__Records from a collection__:
※

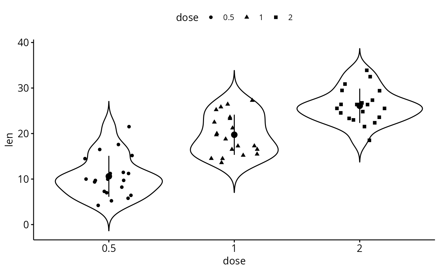 shape = "dose", add = c("violin", "mean_sd"))
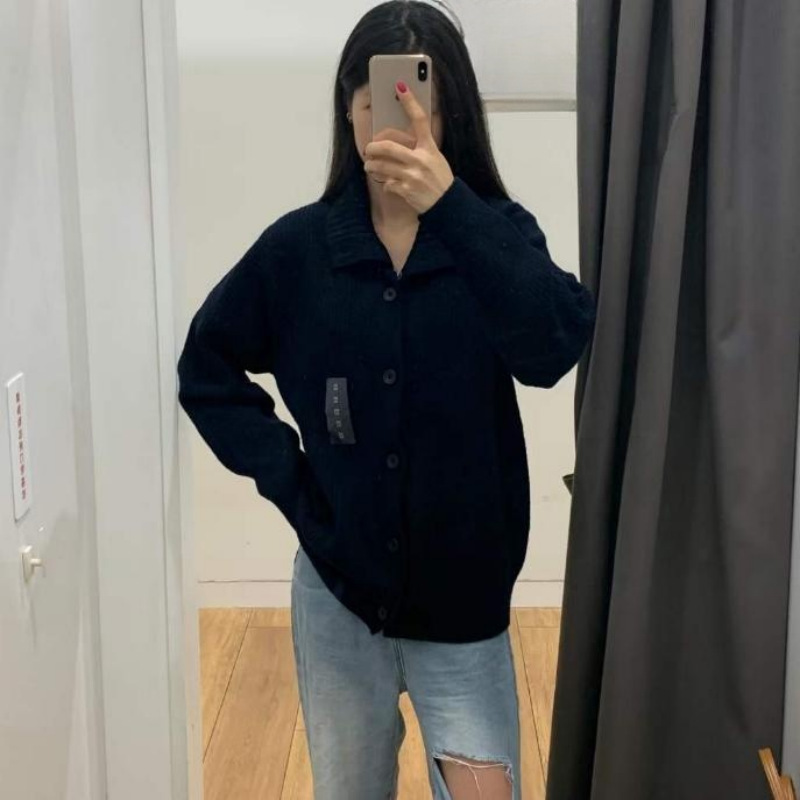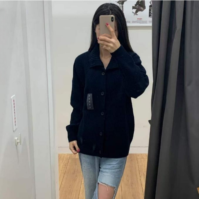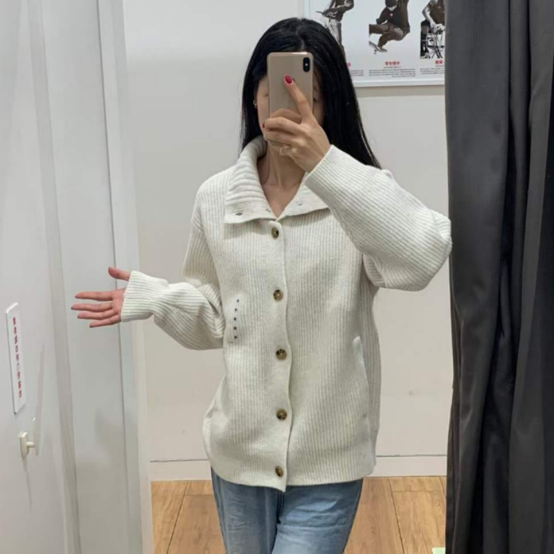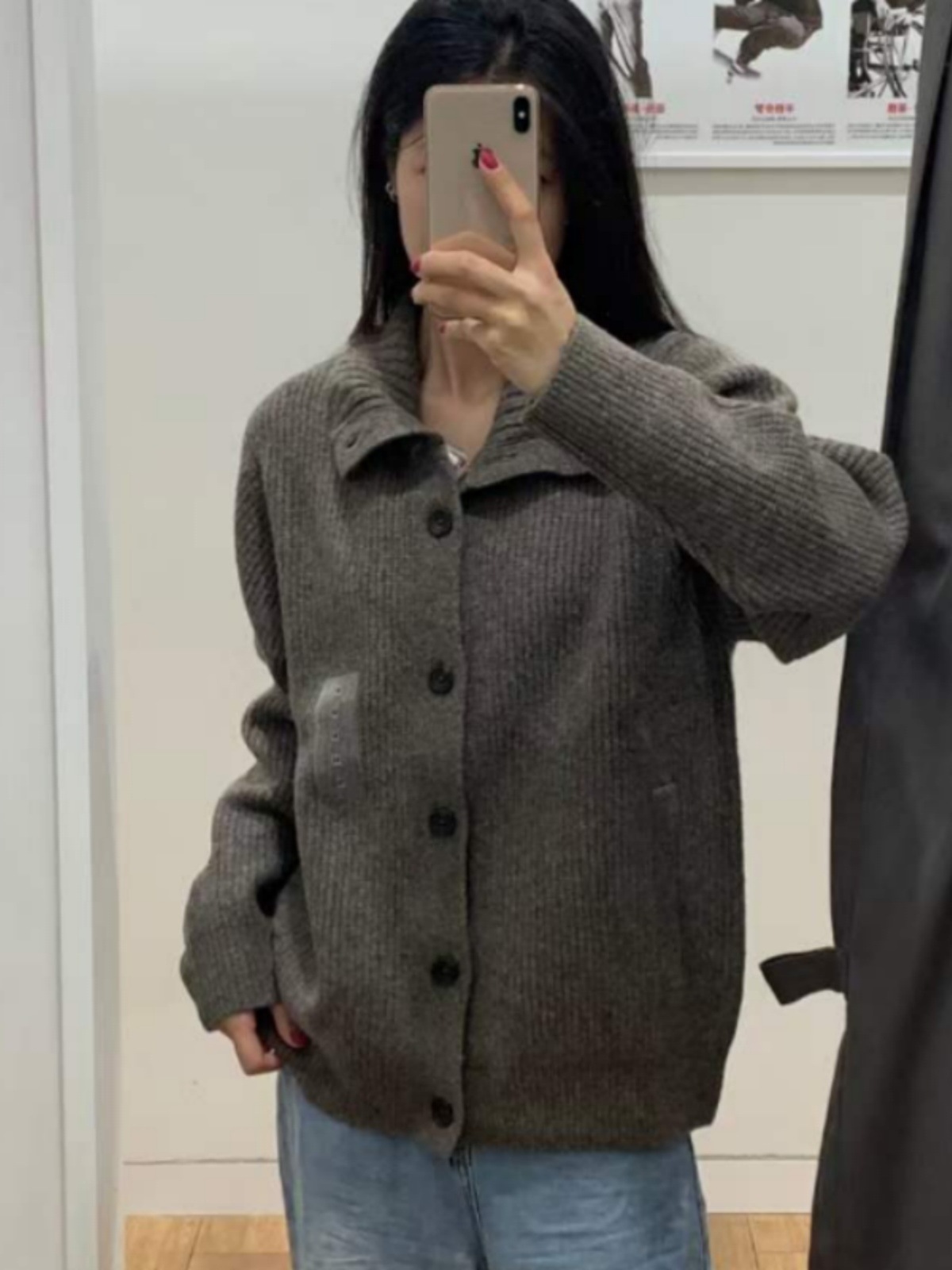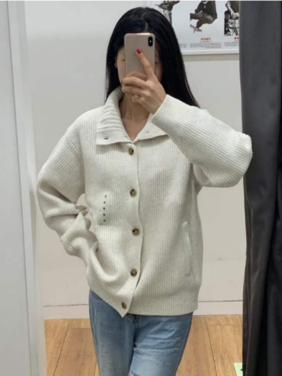 피팅 룸 가을과 겨울 새로운 여성용 니트 가디건 게으른 스타일 느슨한 Shufulei 스웨터 코트 461407스토어 가기
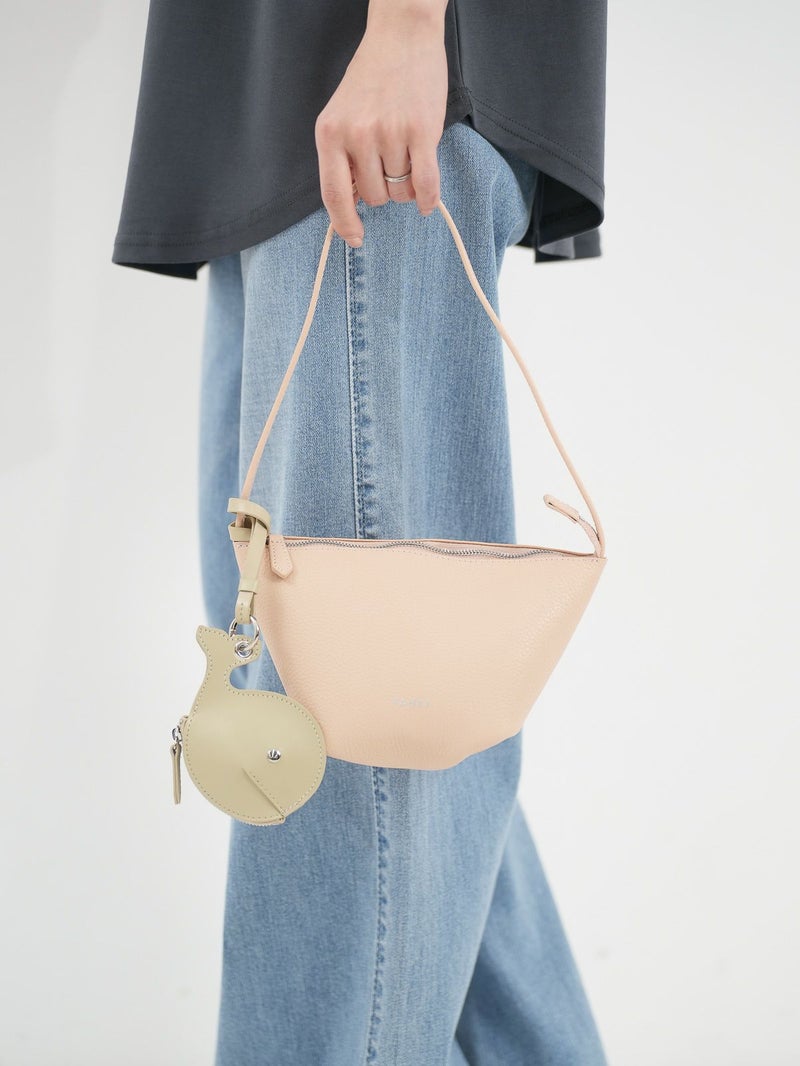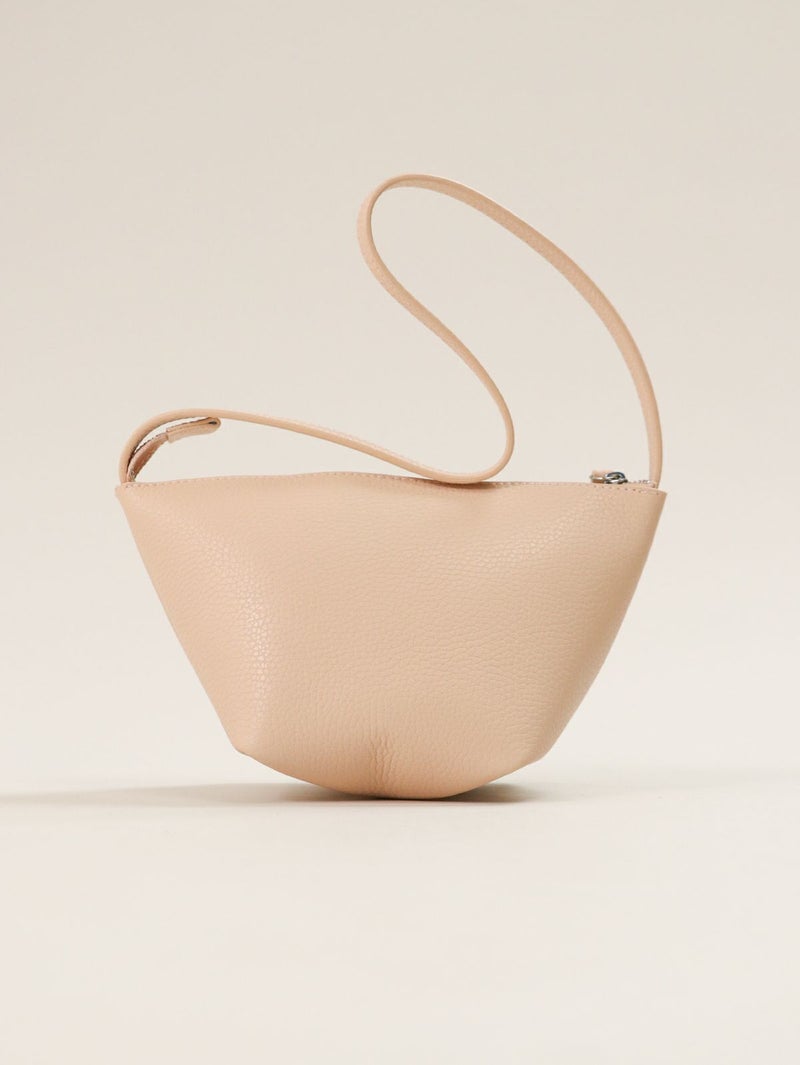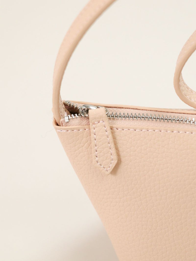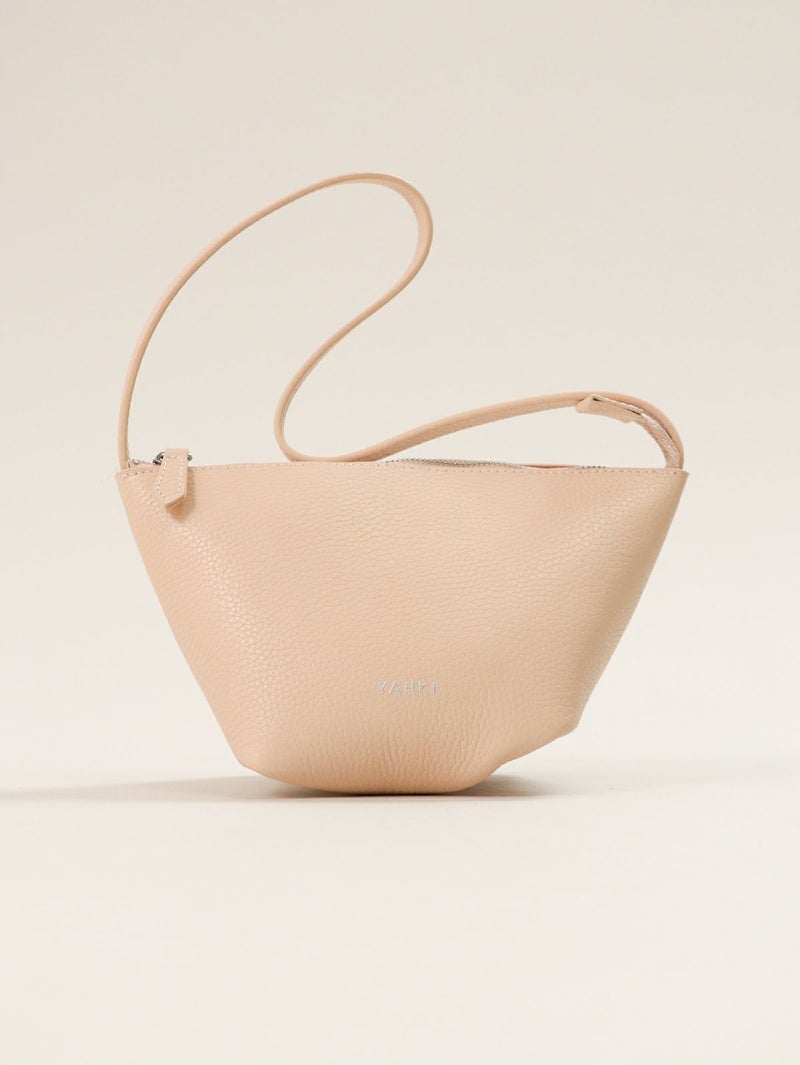 W FACE レザーのハンドバッグ。 やわらかな手触りと自然なシボ感が魅力の床革を使用。 底で絞ったような立体的なフォルムが特徴で、ふんわりとしたシルエットを生み出します。小ぶりながらも存在感があり、軽やかに手元を彩るデザインです。 ファスナー開閉で中身をしっかりとカバーし、スマートフォンや小物類をすっきり収納可能。ハンドルは肩掛けもできる長さで、デイリーにもお出かけにも活躍します。
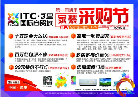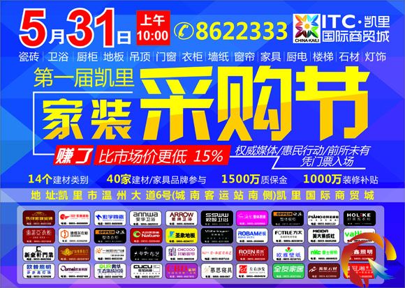 本網(wǎng)訊 (記者 楊懿)記者日前從凱里國際商貿(mào)城獲悉,第一屆凱里家裝采購節(jié)將于5月31日在凱里盛大開幕。屆時,將有14個建材類別,40家建材家居品牌匯集凱里國際商貿(mào)城(凱里市溫州大道6號),讓您一站式輕松解決裝修問題。
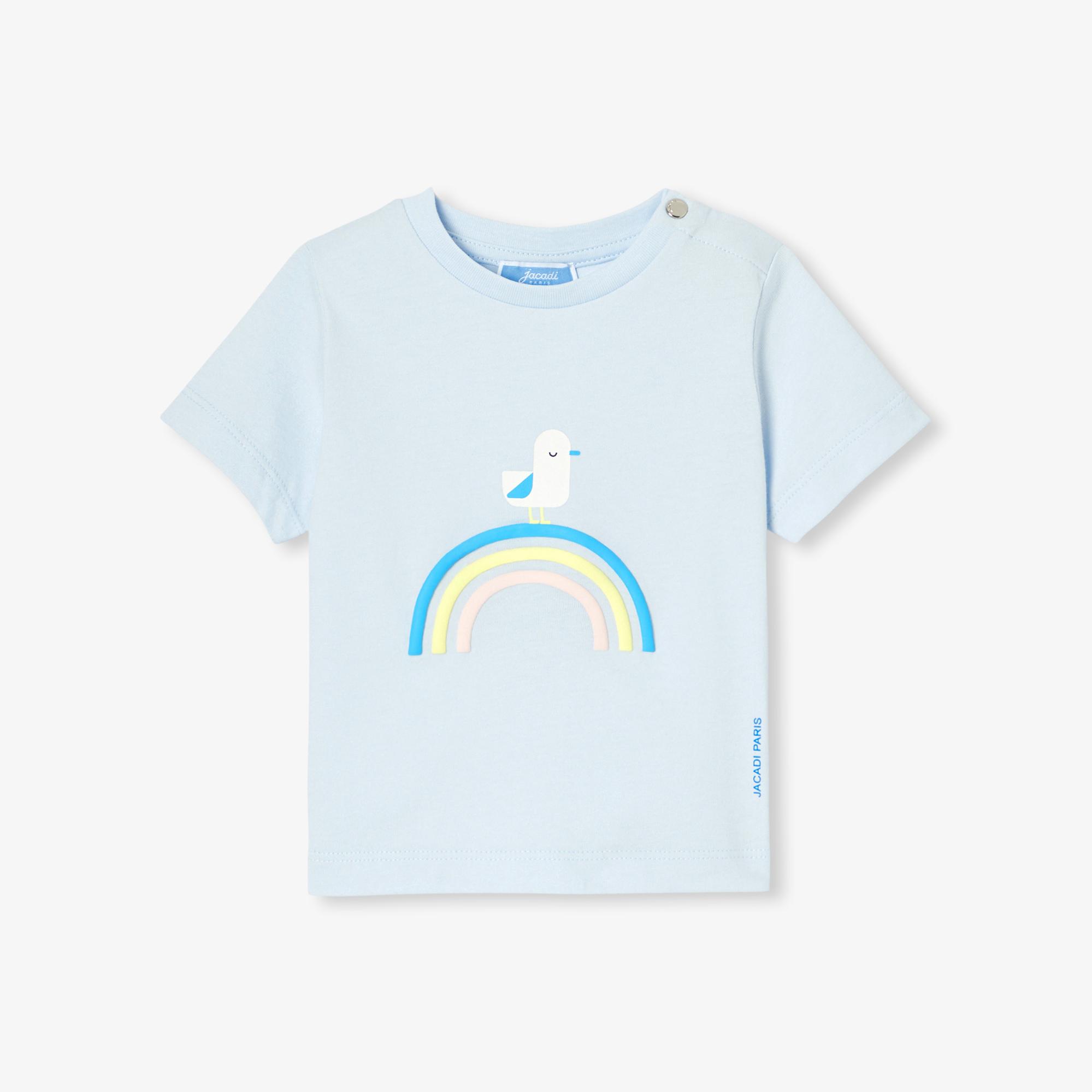 Parlak mavi organik pamuk üzerine basılmış gökkuşağı ve martılarla, bu bebek erkek tişörtünün renkli, geometrik bir mevsimi müjdelediğine şüphe yok. Denim şortlar veya desenli şortlarla kolayca kombinlenebilen bir temel parça olan bu tişört, küçük oğlunuza tüm yaz aktivitelerinde eşlik edecektir. - %100 Pamuk - Organik pamuktan kısa kollu bebek tişörtü - Orijinal desen - Omuzdan çıtçıtlı açılış - Organik tarımdan etiketlenen pamuk - Eğer iki beden arasında kalıyor ve karar veremiyor iseniz, her zaman bir büyük bedeni sipariş ediniz
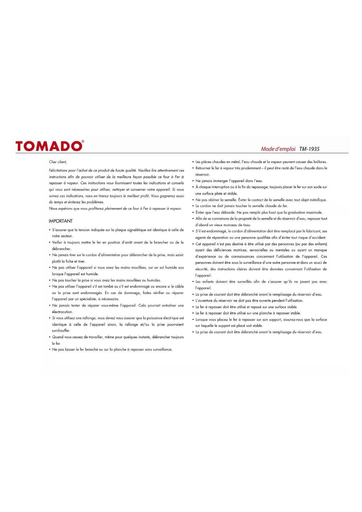 TM1935 - Fer à repasser Tomado - Notice d'utilisation et mode d'emploi gratuit
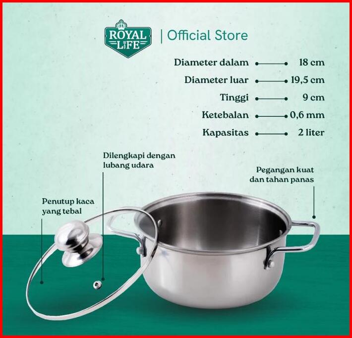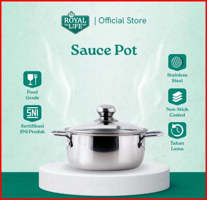 Royal Life Sauce Pot Dutch Oven Panci Masak Stainless Steel Tutup 14 Cm 16 Cm 18 Cm 20 Cm 22 Cm 24 Cm Food Grade
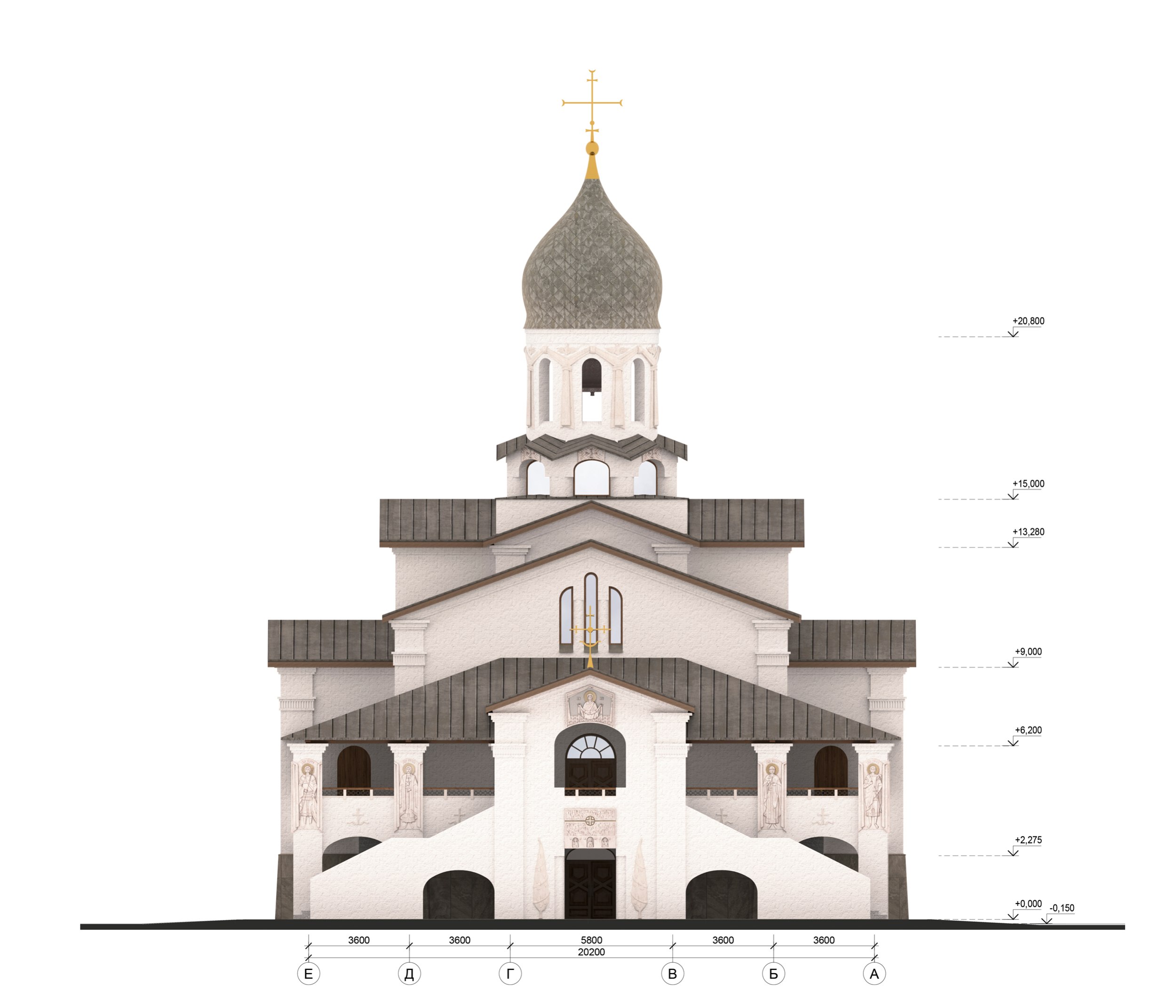 Архитектура храма решена аскетично, но в то же время отражает идею монументальности, отсылая к типологии храмов-памятников. Тектоника выстроена по строгой сетке и представляет собой выраженную каркасную структуру. Относительно оси запад–восток храм имеет симметричную композицию. На первом и втором уровнях спроектированы характерные для южных регионов открытые галереи.

※

__What to do__:
All entries should be restated word for word; no images belong in the copy.

__Solution__:
 shape = "dose", add = c("violin", "mean_sd"))
 피팅 룸 가을과 겨울 새로운 여성용 니트 가디건 게으른 스타일 느슨한 Shufulei 스웨터 코트 461407스토어 가기
 W FACE レザーのハンドバッグ。 やわらかな手触りと自然なシボ感が魅力の床革を使用。 底で絞ったような立体的なフォルムが特徴で、ふんわりとしたシルエットを生み出します。小ぶりながらも存在感があり、軽やかに手元を彩るデザインです。 ファスナー開閉で中身をしっかりとカバーし、スマートフォンや小物類をすっきり収納可能。ハンドルは肩掛けもできる長さで、デイリーにもお出かけにも活躍します。
 本網(wǎng)訊 (記者 楊懿)記者日前從凱里國際商貿(mào)城獲悉,第一屆凱里家裝采購節(jié)將于5月31日在凱里盛大開幕。屆時,將有14個建材類別,40家建材家居品牌匯集凱里國際商貿(mào)城(凱里市溫州大道6號),讓您一站式輕松解決裝修問題。
 Parlak mavi organik pamuk üzerine basılmış gökkuşağı ve martılarla, bu bebek erkek tişörtünün renkli, geometrik bir mevsimi müjdelediğine şüphe yok. Denim şortlar veya desenli şortlarla kolayca kombinlenebilen bir temel parça olan bu tişört, küçük oğlunuza tüm yaz aktivitelerinde eşlik edecektir. - %100 Pamuk - Organik pamuktan kısa kollu bebek tişörtü - Orijinal desen - Omuzdan çıtçıtlı açılış - Organik tarımdan etiketlenen pamuk - Eğer iki beden arasında kalıyor ve karar veremiyor iseniz, her zaman bir büyük bedeni sipariş ediniz
 TM1935 - Fer à repasser Tomado - Notice d'utilisation et mode d'emploi gratuit
 Royal Life Sauce Pot Dutch Oven Panci Masak Stainless Steel Tutup 14 Cm 16 Cm 18 Cm 20 Cm 22 Cm 24 Cm Food Grade
 Архитектура храма решена аскетично, но в то же время отражает идею монументальности, отсылая к типологии храмов-памятников. Тектоника выстроена по строгой сетке и представляет собой выраженную каркасную структуру. Относительно оси запад–восток храм имеет симметричную композицию. На первом и втором уровнях спроектированы характерные для южных регионов открытые галереи.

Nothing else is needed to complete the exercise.